EXERCISE INSTRUCTIONS: The answer must be an exact copy of the lines from the one with "Son olarak 14" through the final line of the records below, with no pictures.

───

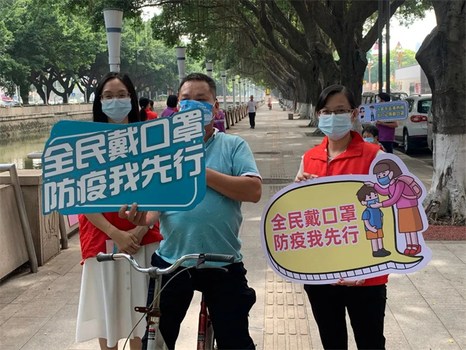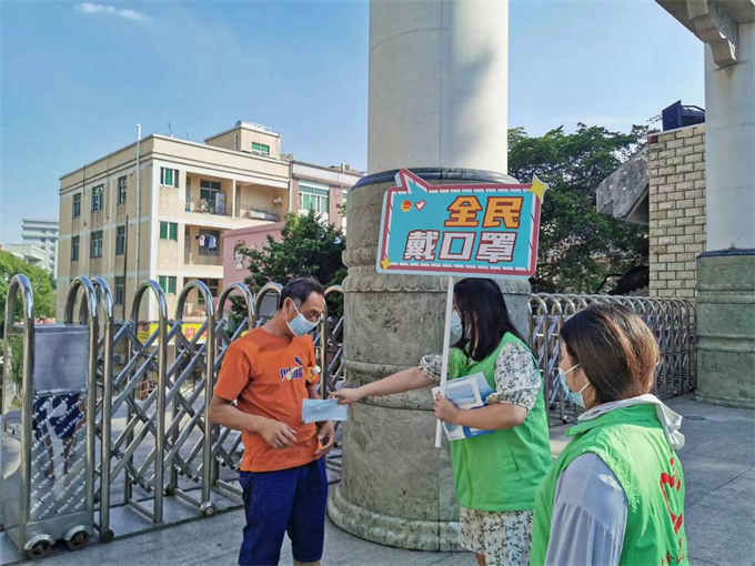 在活动中,志愿者们高举“全民戴口罩”的宣传标语牌,防疫“小喇叭”走街串巷,对未佩戴口罩的群众进行劝导并免费派发口罩,居民对“全民戴口罩”宣传劝导志愿服务活动表示赞同和认可。
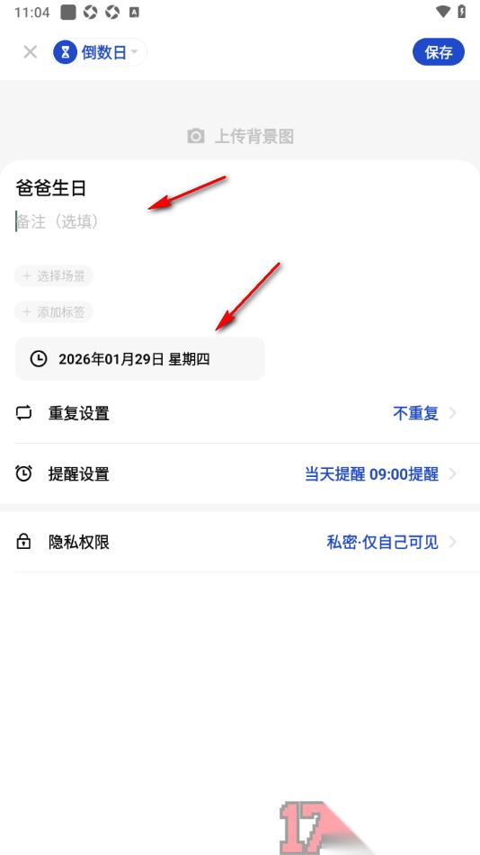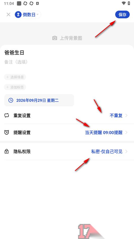 4.之后再根据自己的需求设置一下该倒数日的重复提醒、提醒的具体时间以及访问权限等,之后点击上方的【保存】按钮即可。
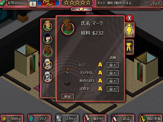 PC ダウンロードゲーム:タイムマネージメントゲーム 英語版タイトル:Boutique Boulevard 今すぐ「ブティック ブールバード」をプレイ! まずは無料体験版をダウンロードしよう。 かつては大人気のブティックが軒を連ねていたファッション通りブティックブールバード。しかし昨今の経済悪化のために通りはすっかり廃れてしまった…そこで通りの再建のために雇われたのはアナタ!さまざまな洋服アイテムを組み合わせてお客様のテイストに合った服セットを作りお客様を呼び込もう。100 以上のデコレーションアイテムの中から自分の好みのものを選んでお店の魅力をアップ!果たしてアナタは高級ブティックからオタクファッションまで何でもそろうブティックブールバードにかつての活気を取り戻すことができるのか?今すぐ「ブティックブールバード」の無料体験版か完全版をダウンロードしてファッション帝国の再建をはじめよう! - ブティック ブールバード
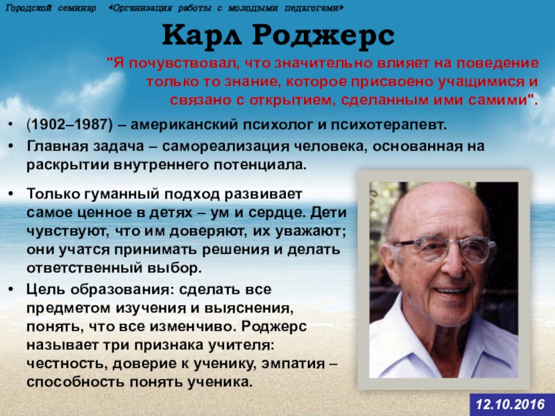 Цель образования: сделать все предметом изучения и выяснения, понять, что все изменчиво. Роджерс называет три признака учителя: честность, доверие к ученику, эмпатия – способность понять ученика.
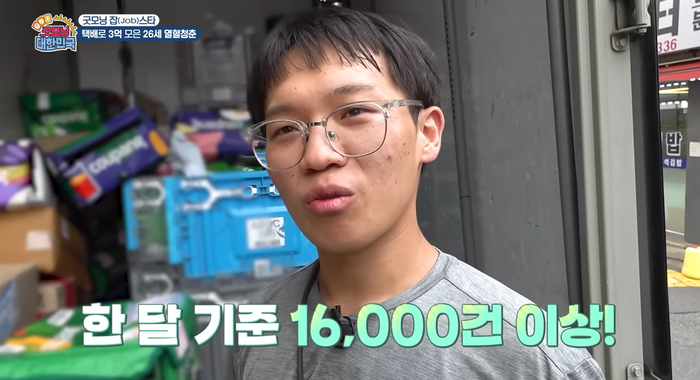 정상빈씨가 한 달 1만 6천개의 택배를 배송한다고 밝혔다. 사진| KBS2 정씨는 매일 약 30km를 뛰어다닌다. 그는 “택배는 건당 무게나 크기 상관없이 700원을 받는다. 한 달 수입은 1100만~1200만 원 정도”라고 말했다. 이는 1만 7000건 이상을 배송해야 가능한 금액이다.
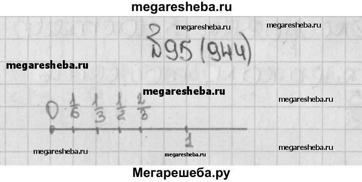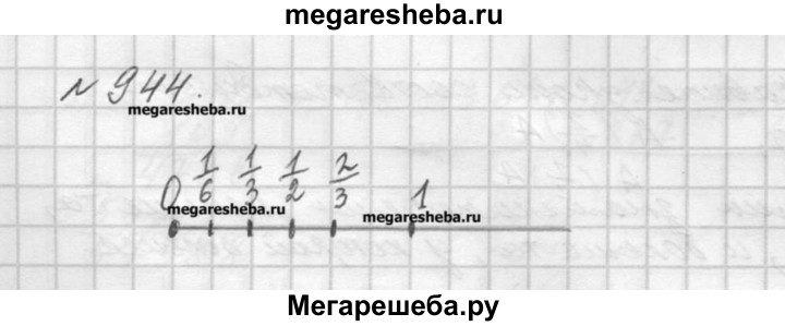 944. Единичный отрезок равен длине 6 клеток тетради. Отметьте на координатном луче точки с координатами 1/2; 1/3; 1/6; 2/3. Какая из этих точек левее всех расположена на луче, а какая правее всех?
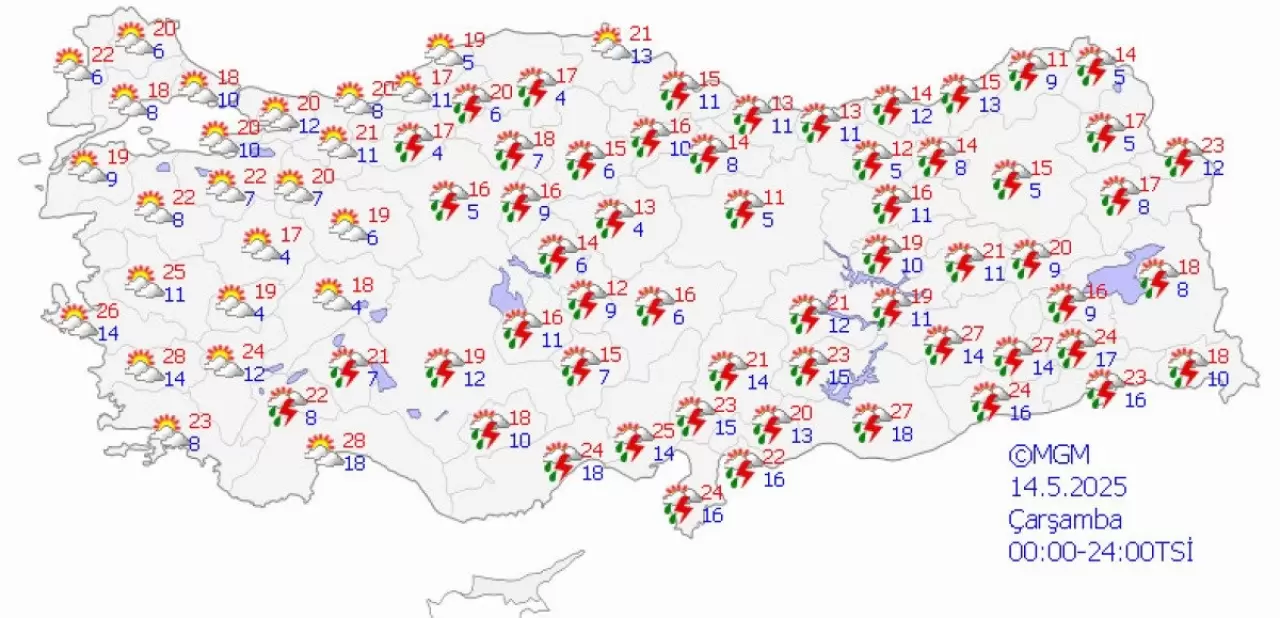 Son olarak 14 Mayıs Çarşamba günü, doğu bölgelerdeki yağışlar hafifleyecek, batı ve iç kesimlerde güneşli hava devam edecek, sıcaklıklar ise 5-27 derece arasında değişecek.
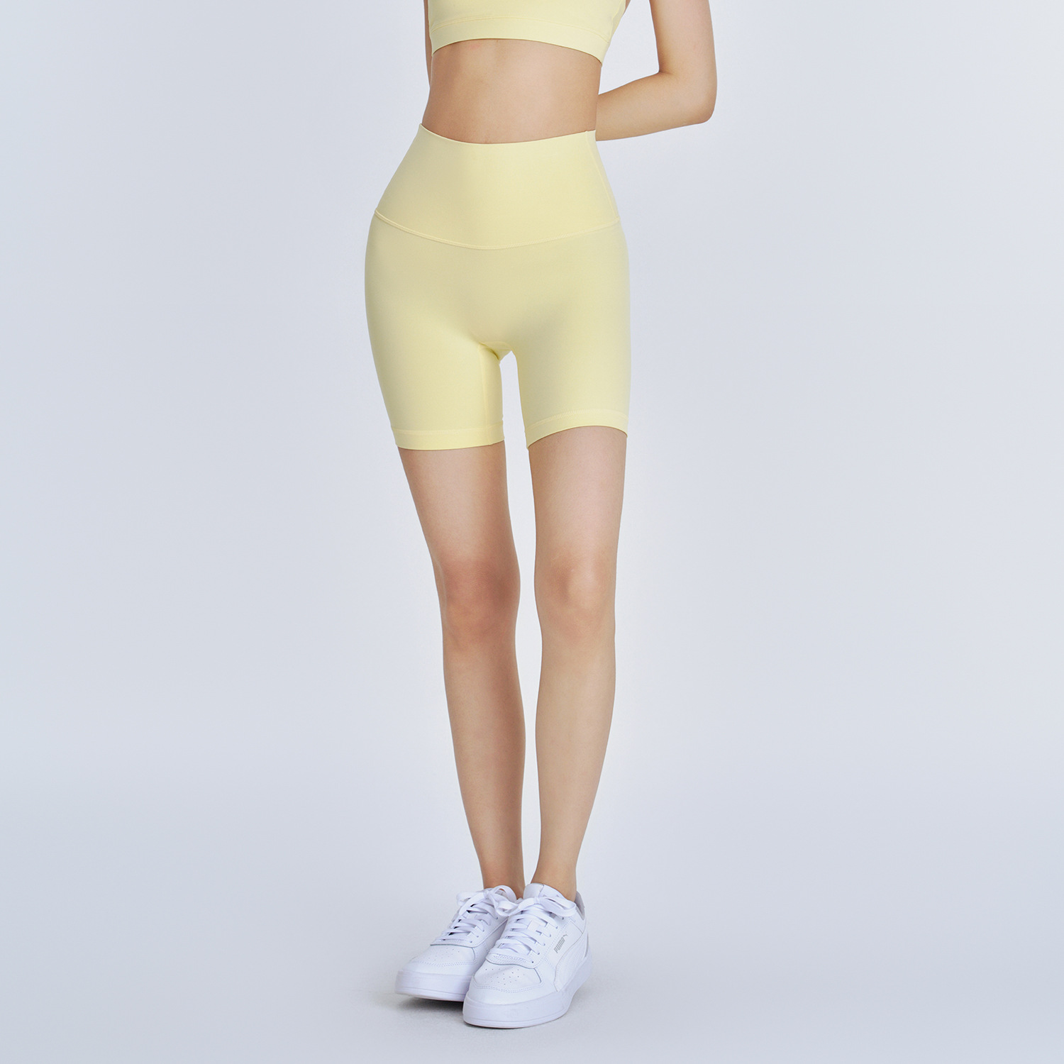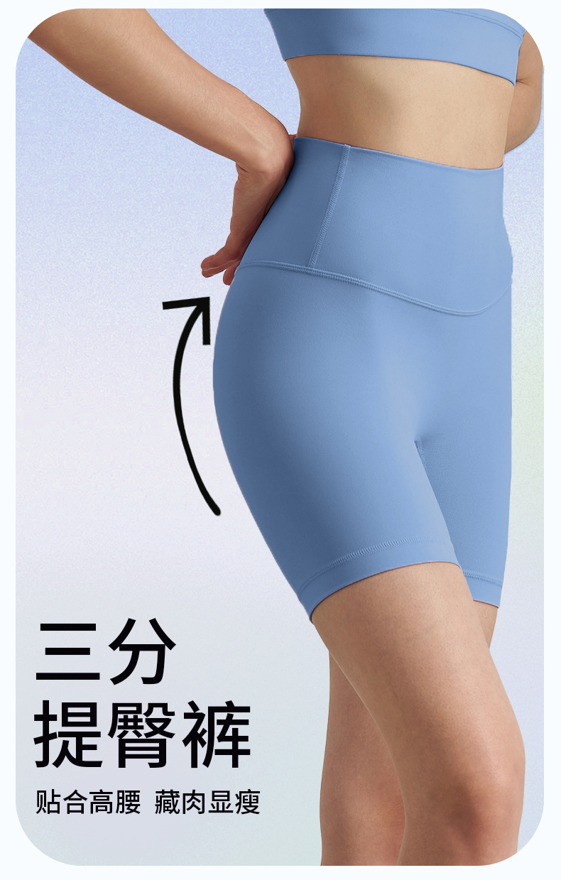 Huanpan 스포츠 반바지 여성 여름 얇은 3 점 야외 훈련 하이 웨이스트 배꼽 리프팅 엉덩이 타이트 사이클링 바지 요가 바지

───

SOLUTION TO THIS EXERCISE:
 Son olarak 14 Mayıs Çarşamba günü, doğu bölgelerdeki yağışlar hafifleyecek, batı ve iç kesimlerde güneşli hava devam edecek, sıcaklıklar ise 5-27 derece arasında değişecek.
 Huanpan 스포츠 반바지 여성 여름 얇은 3 점 야외 훈련 하이 웨이스트 배꼽 리프팅 엉덩이 타이트 사이클링 바지 요가 바지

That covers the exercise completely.